Follow your dreams and you might just find your lost engagement ring - like this woman did
YPSILANTI, Mich. - You can't make this stuff up, so thank god there's clairvoyant visions and responsible store managers to help create them instead.
Who knows how long Monica Jones had been without her engagement ring before she discovered the naked finger on her left hand. But there she was, unaware of the jewelry that had been with her for decades, and now it was just gone.
"One morning, I was sitting on my couch and my husband says 'hey, let's clean our wedding rings, it'll be 24 years this year.' and I looked down to get my wedding ring off my finger and it was not there," Jones said. "And I went into panic mode."
Panic mode is an understatement. She cried, searched her home, her car, her office - pretty much anywhere one might part ways with one of the most important pieces a married individual might accessorize with.
And then, like out of a movie, she had a dream.
"The first time I saw my hands at the dollar store and they were going inside these potato chips," she recalled.
She had that dream twice. The longshot that the symbol of a bond forged almost two-and-a-half decades ago might be resting in the lost-and-found of their local Dollar Tree is hard to measure. But after a month of missing and panic mode turning into depressing acceptance, this was her new reality, Jones was willing to do anything.

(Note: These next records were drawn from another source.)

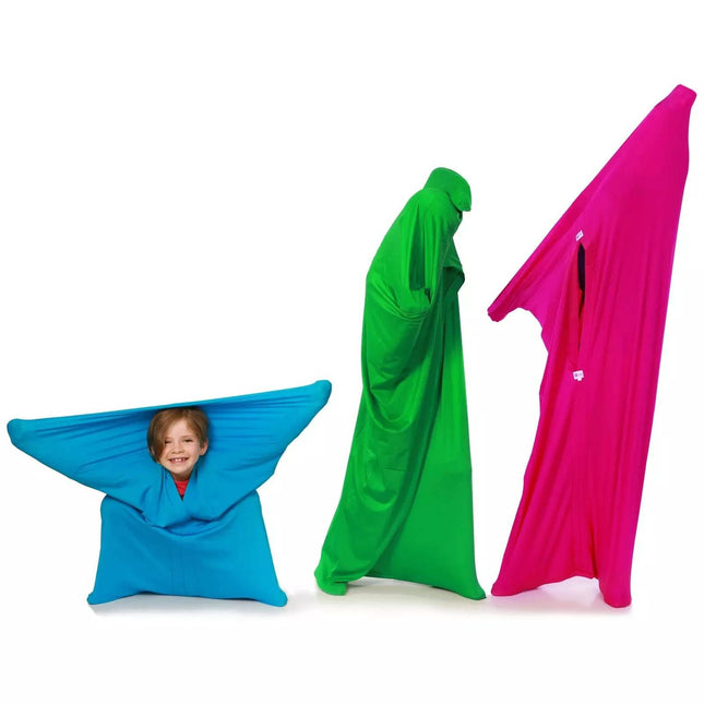 The high quality, translucent yet resistive fabric of our body socks creates an unparalleled sensory experience (check out the video below!). Body socks offer unlimited opportunities to improve proprioception due to the full body deep pressure, while also increasing motor planning skills and balance.  The action of pushing against the resistive fabric benefits those with tactile defensiveness as well as sensory seekers. Sensory Matters' Body Socks are designed to allow the individual to have their head inside or outside, according to personal preference.  The body sock can become a calming, safe haven for a child who is overloaded with sensory input and who needs to self-regulate.  Available in 4 sizes: Small : 100cm Medium : 120cm Large : 140cm Extra Large : 160cm
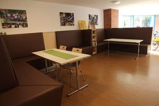 Dazu sollte in der Werkstatt ein Kommunikationsbereich gestaltet werden, der vielfältige Nutzungsmöglichkeiten schafft – ein Rückzugsort, an dem Entspannung und gleichzeitig gemeinsame Aktivitäten möglich sind. Die Vitus Stiftung unterstützte die Anschaffung einer integrierten Sitzlandschaft mit 4.200 Euro. Die Sitzlandschaft ist eine Kombination aus fest installierten Sitzbänken und Ordnungsfächern. Rollstuhlfahrer sowie körperlich eingeschränkte Menschen, die z.B. auf Gehhilfen angewiesen sind, benötigen beim Hin- und Umsetzen standfeste Sitzmöglichkeiten. Dies wird durch die neue Sitzkombination gewährleistet.
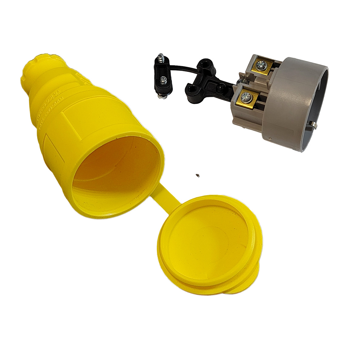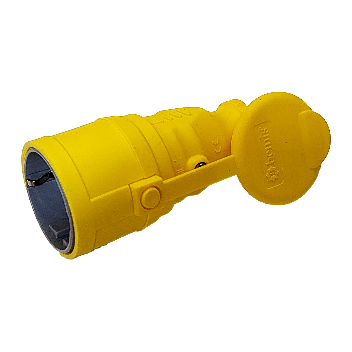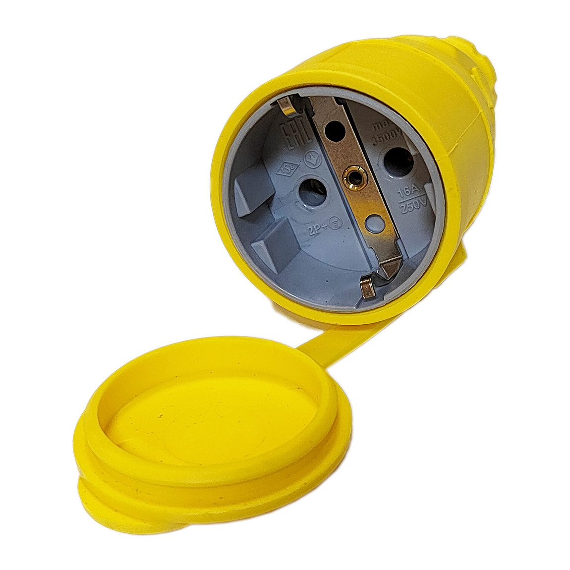 Розетка Schuko каучуковая, кабельная, с крышкой, цв. желтый, IP44
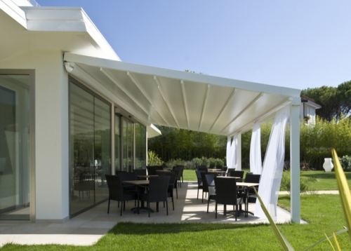 - Pérgolas con sistema enrollable motorizado: Crea una estructura limpia a cielo abierto, que puede cubrirse en apenas pocos segundos para protegerse de los efectos del sol.
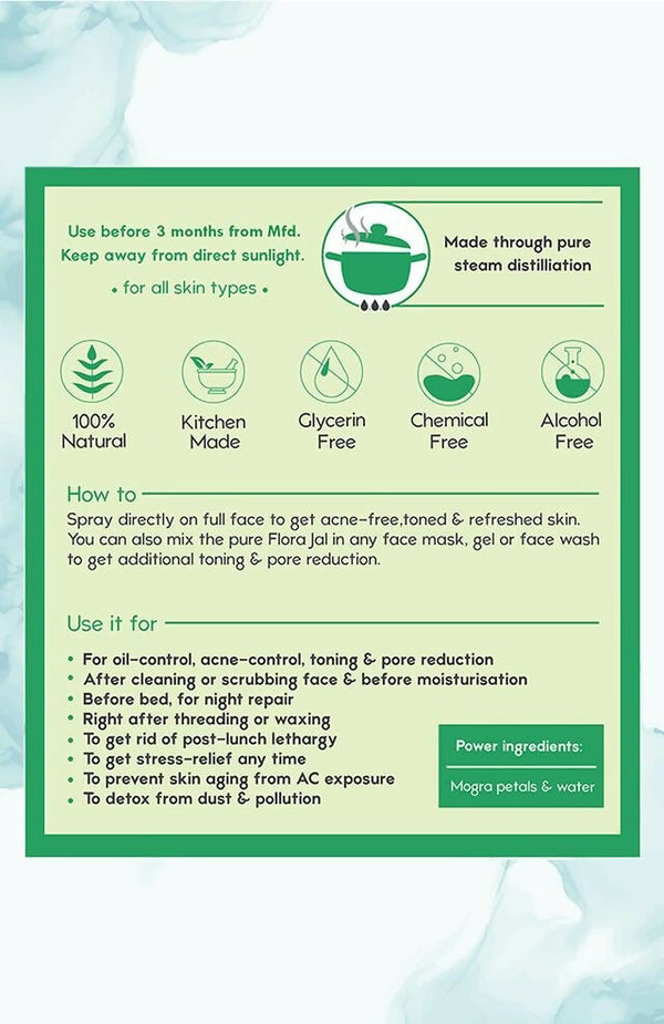 • Fresh steam distilled from Mogra flowers to maximise its properties of toning and repair of damaged skin, wrinkles and pores.
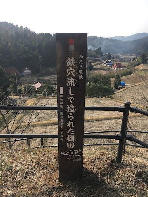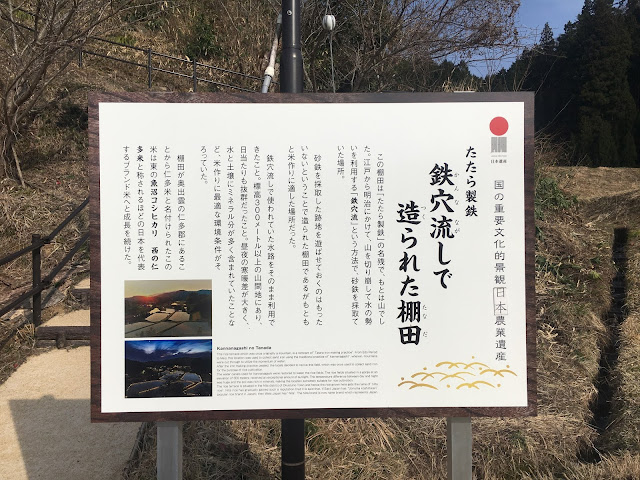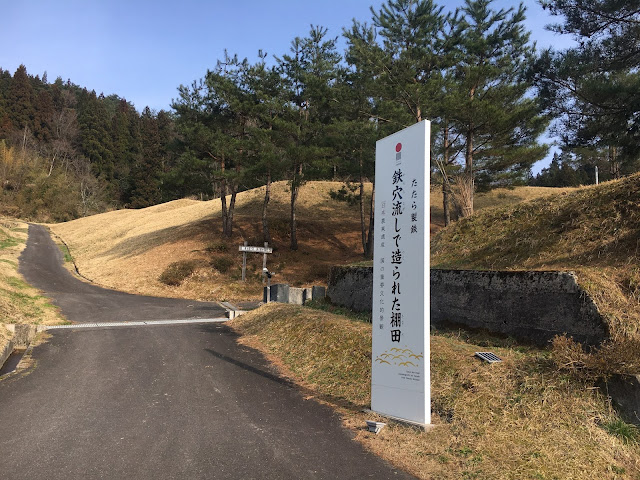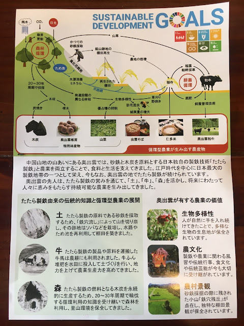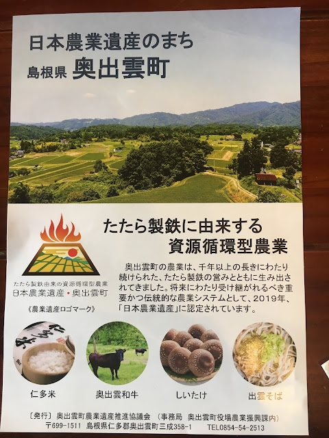 看完餐厅,我们来学学科学吧。来这里学科学比看梯田重要,知道科学背景,再看梯田就有不一样的感觉。たたら是奥出云1400年前的炼铁技术。首先工人在山上砂铁,之后挖过的地改造成梯田,浇灌用的水就是炼铁用的水,从种稻子开始行程生态循环,包括养牛,椎蓉,仁多米,荞麦,和牛等。
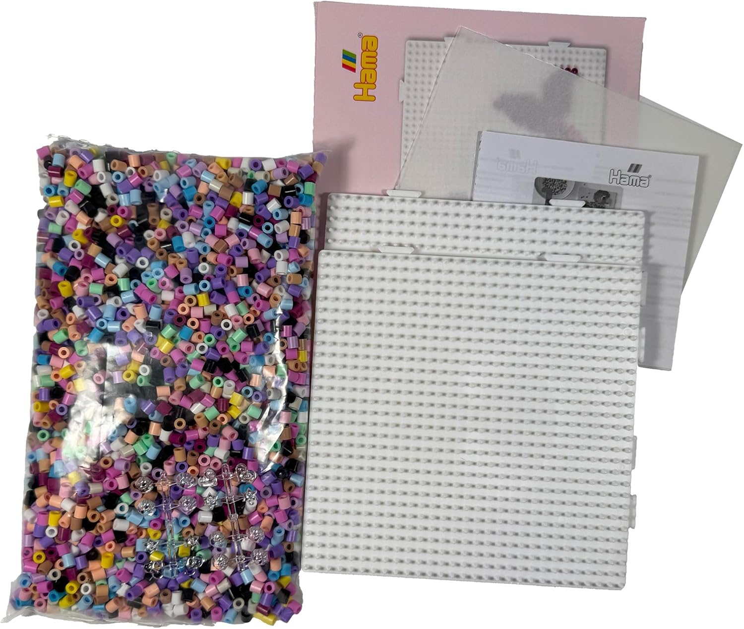 | Included Components | Gift pack with approx. 4,000 midi beads, 2 large square pegboards to clip together, motif template, ironing paper |
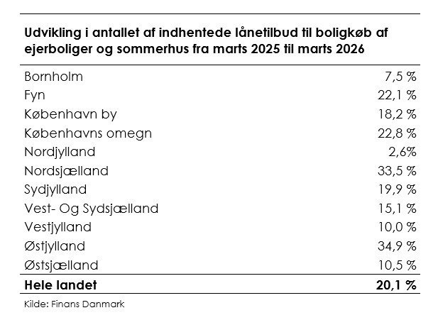 - Fremgangen er bred: Sammenlignet med marts sidste år ses der positiv vækst i antallet af indhentede lånetilbud til boligkøb af ejerboliger og sommerhuse i hele landet. Aktiviteten er steget markant, og Østjylland og Nordsjælland ligger i spidsen med stigninger på henholdsvis 34,9 og 33,5 pct.
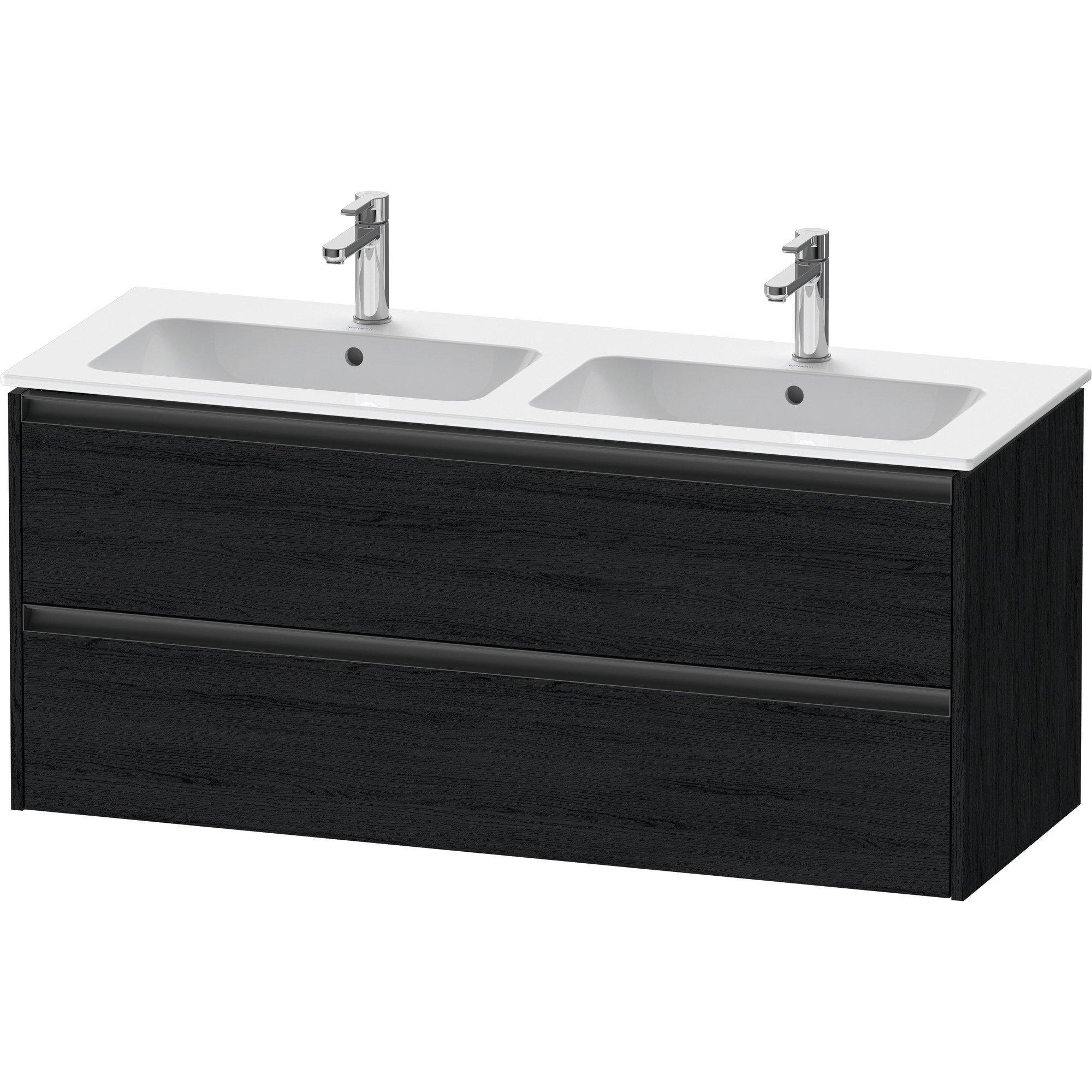 Duravit Ketho 2 meuble bas pour lavabo avec 2 tiroirs pour double vasque 128x48x55cm avec poignées chêne anthracite noir mat
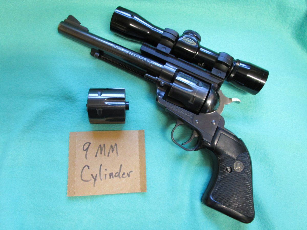 SOLD Ruger NM Blackhawk, .357 Mag, 6 1/2" barrel, Weaver 4x28 Dual X reticle long eye relief scope, w/ Power Custom free spin pawl installed and extra 9mm cylinder. Pachmayr grips (he is looking for the original grips but don't hold your breath). Original rear sight and original springs included. S/N 33-9728x (1972) Not much wear on it, cylinders and bore are very good. NO BOX - he never saved them when he bought them.

She went to the Dollar Tree store on Washtenaw Road in Ypsilanti and approached the clerk.
"And I said 'by any chance, and I know this is crazy, but did someone turn in a diamond marquise wedding ring?'" she said. "And he just kind of looked at me strangely and he said 'well, what color is the band?'"
Yes - a dream of baked potatoes manifested itself in a form of salivation most couldn't fathom in their lifetime. And there it was, being held by a Mr. Otis Sims of the Dollar Tree. Now not everything of this fairy tale is true - primarily the ring being found on top of a calendar, not in a bag of potato chips - but we're willing to let it slide.
"He comes out with it and asks 'is this it?' I went 'ahh!' and just started crying. I hugged him and hugged him and I still can't praise him enough," said Taylor.
That was back in August. And she continues to sing Sims' praise.
"So when I had the ring, 'I said, can I do the honors, by placing this ring back on your finger,' where it belongs for 20-something years," said Sims.